Posted by: Ms. Matson | May 7, 2009

The Tale of Despereaux

The Tale of Despereaux. The Tale of Despereaux
Kate DiCamillo
Illus. by Timothy Basil Ering.
Cambridge: Candlewick Press, 2003.
Newbery Medal 2004.
AR Level: 4.7

The Tale of Despereaux is about three characters who don’t fit in the world in which they were born.  Despereaux, a tiny mouse living in a castle, works against odds to save his love, the Princess Pea, a human.  She has been captured and taken to the dungeon by the rat Roscuro, and the servant girl Miggery Sow.

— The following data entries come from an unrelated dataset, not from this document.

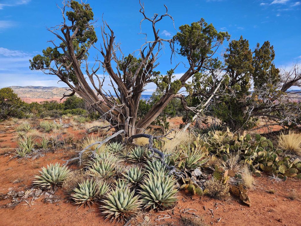 Dochodzimy do wielkiego jałowca – aligator juniper tree, służacego jako drogowskaz do odejścia od głównego szlaku Boynton trail w kierunku jaskini Subway. Drzewo to znajduje się po naszej lewej stronie (wędrując na północ) i jak tylko je miniemy musimy odbić w prawo (nie ma żadnego kierunkowskazu). (jest to mniej więcej 2 mile od wyjścia na szlak). (Chodzi tędy tak dużo ludzi, że na pewno ktoś nam pomoże wskazać odpowiedni kierunek, jeśli będziemy mieli wątpliwości). Jeśli pójdziemy za daleko to od razu zorientujemy się, że coś jest nie tak… roślinność drastycznie się zmieni i otoczeni zostaniemy bardzo wysokimi sosnami… Jeszcze przed dojściem do charakterystycznego aligator tree wchodzimy w cień rzucany przez pasmo górskie (należące do Red Rock Secret Muntain Wilderness), co oznacza znacznie niższą temperaturę otoczenia i konieczność założenia ciepłych polarów.
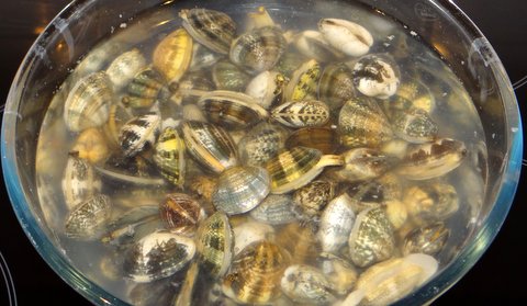 Let the vongole clean themselves by putting them in water as salty as the sea (3% by weight, i.e. 1 liter of water with 30 grams of salt, or 1 quart of water with 1 oz of salt) for an hour or so. Rinse them with fresh water to remove the salt.
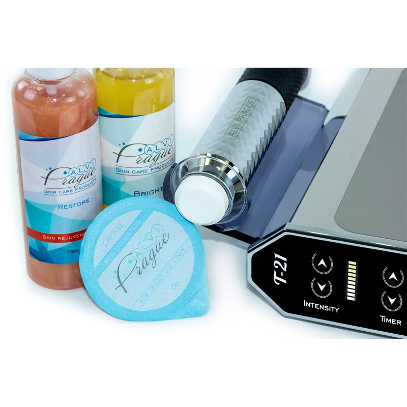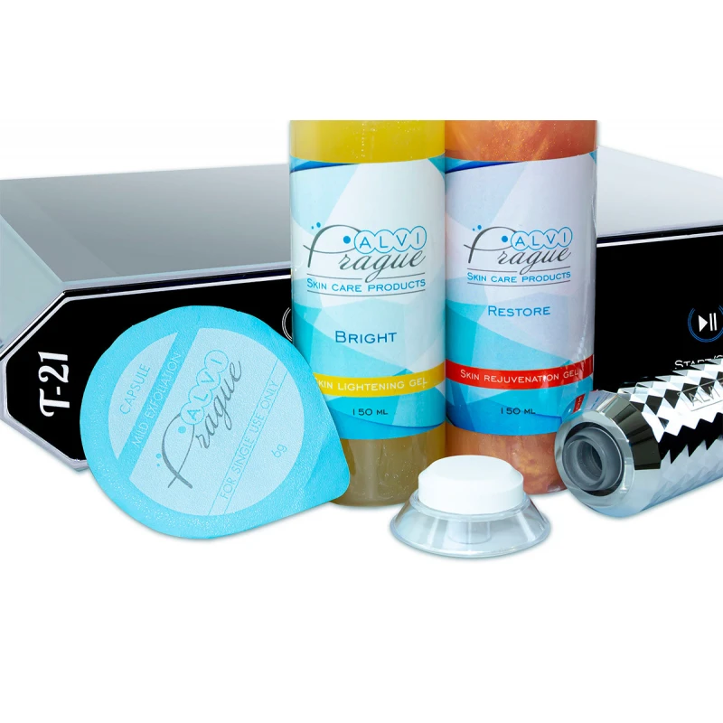 Přístroj pro neinvazivní karboxyterapii T-21 je unikátní technologie implementovaná v konstrukci pracovního násadce. Na jeho tělo je umístěna speciální tableta s aktivními přírodními složkami. Interakce s procedurálním gelem tvoří potřebný pro procedury Oxid uhličitý.
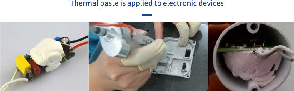 Squeezing thermal conductive paste has a certain viscosity, can be extruded, has good thixotropy, does not flow away, and has good adhesion with the contact surface. It can be used for automatic dispensing;
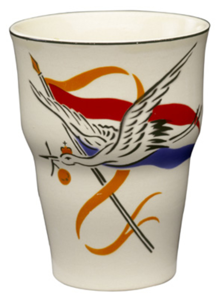 herinneringsbeker van keramiek uitgegeven bij de geb...
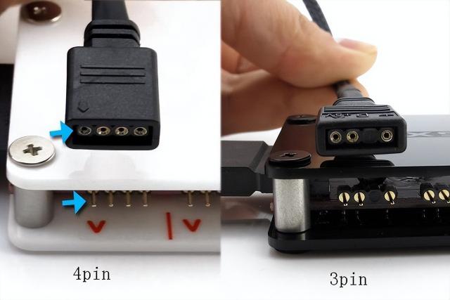 早些时候,不同主板制造商的控制软件支持不同协议的照明同步,这主要表现在外部。 RGB 在接口上,例如最初的主板通常使用。 12V 4pin 这类插座属于模拟信号控制, Pin 构图是最简单的“红、绿、蓝” 公用地线",三种颜色的灯珠可由主板控制软件调整,但同时只能显示相同的颜色,而且插头容易插反,造成不能点亮的情况。
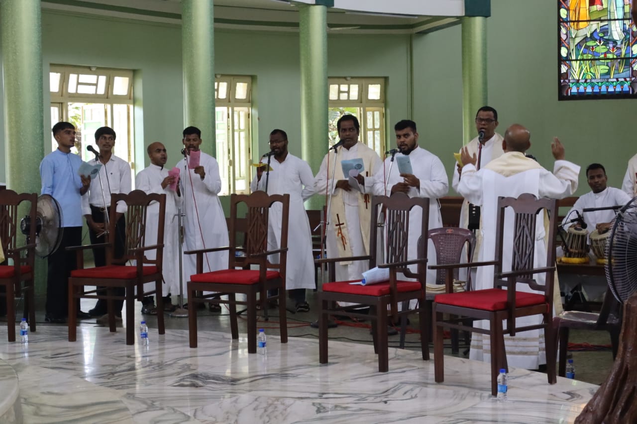 The Eucharistic celebration was concelebrated by Fr. Norman Almeida SFX, Rector of the Seminary, Fr. Steevan D’Souza SFX, Fr. Joaquim Rebelo SFX, Provincial Superior of the Goa Province of the Society of Pilar, and several other priests.

Despereaux is not a light-hearted story, but explores real emotions—love, real danger—getting one’s tail chopped off, and real villians—Roscuro.  The narrator has an ongoing dialog with the reader which draws the reader into the story, asking opinions and giving understanding.  For example, “Reader, do you believe in such a thing as happy endings?  Or, like Despereaux, have you, too, begun to question the possibility of happy endings?”  Though a highly dramatic story, much comic relief is provided, especially with the repeated references to Roscuro with a spoon for a crown and his red tablecloth cape.  I’ve never been moved to tears by a children’s book before, but DiCamillo has written a profound story that speaks to the hearts of children and adults alike; it is a must-read.

I am a little disappointed that a movie is being made about this book.  I don’t think there’s anyway to capture  the emotion of Despereaux without DiCamillo’s whimsical prose.  Beware of the junior novelization version.  It’s already a book for children; I don’t understand why Scholastic thought it necessary to write a “dumbed-down” version.